Appl. Sci. 2020, 10(9), 2991; https://doi.org/10.3390/app10092991
by André Bianchi Figueiredo * and Aníbal Coimbra Matos
Reviewer 1: Anonymous
Reviewer 2: Anonymous
Reviewer 3: Anonymous
Appl. Sci. 2020, 10(9), 2991; https://doi.org/10.3390/app10092991
Submission received: 13 February 2020 / Revised: 27 March 2020 / Accepted: 30 March 2020 / Published: 25 April 2020

Round 1

Reviewer 1 Report

This article presents a method for docking an AUV using monocular vision. This article describes the whole process, from the pose estimator to the guiding law used, and some experimental results. This is the second version of the article, the authors have highlighted the changes. I did not get a response letter with the article.

The article does not present a major scientific contribution, it is more about the use of existing methods to solve the docking problem. Nevertheless, the work is interesting especially for the targeted journal that wants to apply it (“Applied Science”).

The authors have taken into account many remarks that had been made: the introduction is better (although in my opinion it contains too many numerical details for an introduction), the state of the art and the comparison with other methods has been reworked, a conclusion has been added.

My main points are:

-  The authors have made some efforts to use standard notations (matrices and vectors in bold, scalars in italics, etc.), but there are still many places where this has not been done, for example: eq (21), a quaternion is a vector, so q should be in bold, eq(22) same remark for Bl, in eq (7) pc, pr and tr are points and vectors, they should also be in bold…

-  There are always too many undefined terms, for example: in eq 3 ,4, 5 : uc, ua, a, f…, in eq 7 pc and pr are not defined, etc…

 

Minor remarks :

  • Please define what is a “USBL Systems”
  • Eq (7) « this will allow us to transform any point from one referential frame into the other”. If it's just a rigid transform between two frames, there is no “alpha” scale factor. If it's a perspective projection, it should be mentioned in the text.

 

In conclusion, the authors reworked the article to correct major flaws. Nevertheless, authors should review the entire article to correct my two major remarks before publication.

Author Response

We would like to kindly thank you for your careful reading of our work. Your comments and suggestions contributed to a notable improvement of the document. 

All your suggestions were taken into account and changes were made accordingly.

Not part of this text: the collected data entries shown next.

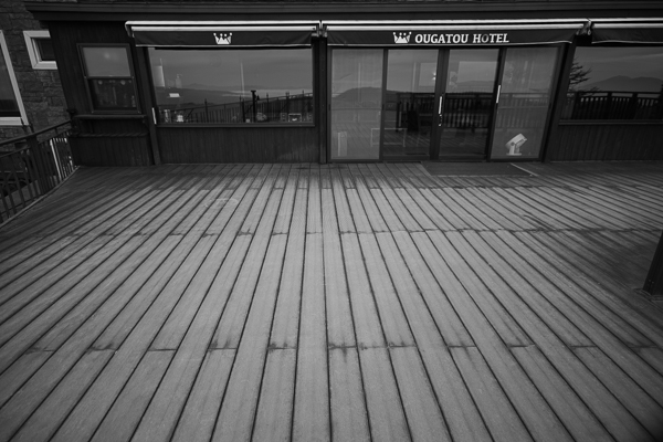 うっすらと霜が付いた展望テラスのデッキ。
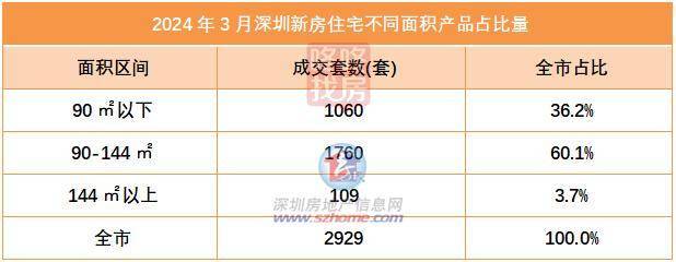 2025年3月深圳成交2929套新房住宅,其中90㎡以下的产品成交1060套,占全市总量的36.2%;90-144㎡改善型产品成交1760套,占全市总量的60.1%;144㎡以上的产品成交109套,占全市总量的3.7%。
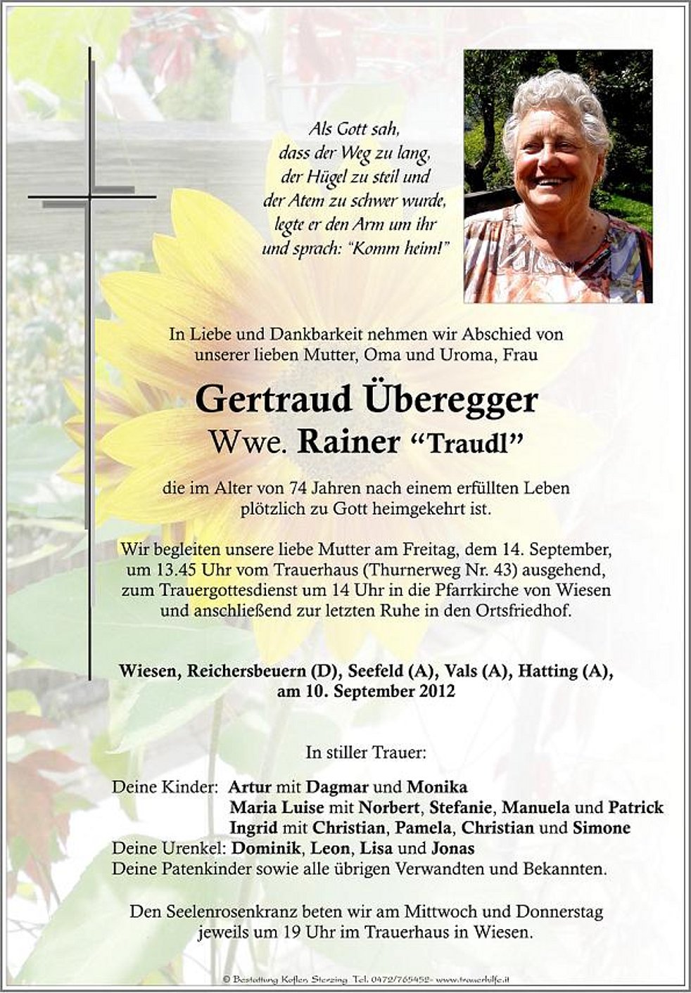 vom Trauerhaus (Thurnerweg Nr. 43) ausgehend,zum Trauergottesdienst um 14 Uhr

The changes to the text are highlighted (yellow) in the document.
We respond, one by one, to each of your comments as follows:

 

My main points are:
- The authors have made some efforts to use standard notations (matrices and vectors in bold, scalars in italics, etc.), but there are still many places where this has not been done, for example: eq (21), a quaternion is a vector, so q should be in bold, eq(22) same remark for Bl, in eq (7) pc, pr and tr are points and vectors, they should also be in bold...
- There are always too many undefined terms, for example: in eq 3 ,4, 5 : uc, ua, a, f..., in eq 7 pc and pr are not defined, etc... 

 

The document was revised and the notations were changed (standard notations).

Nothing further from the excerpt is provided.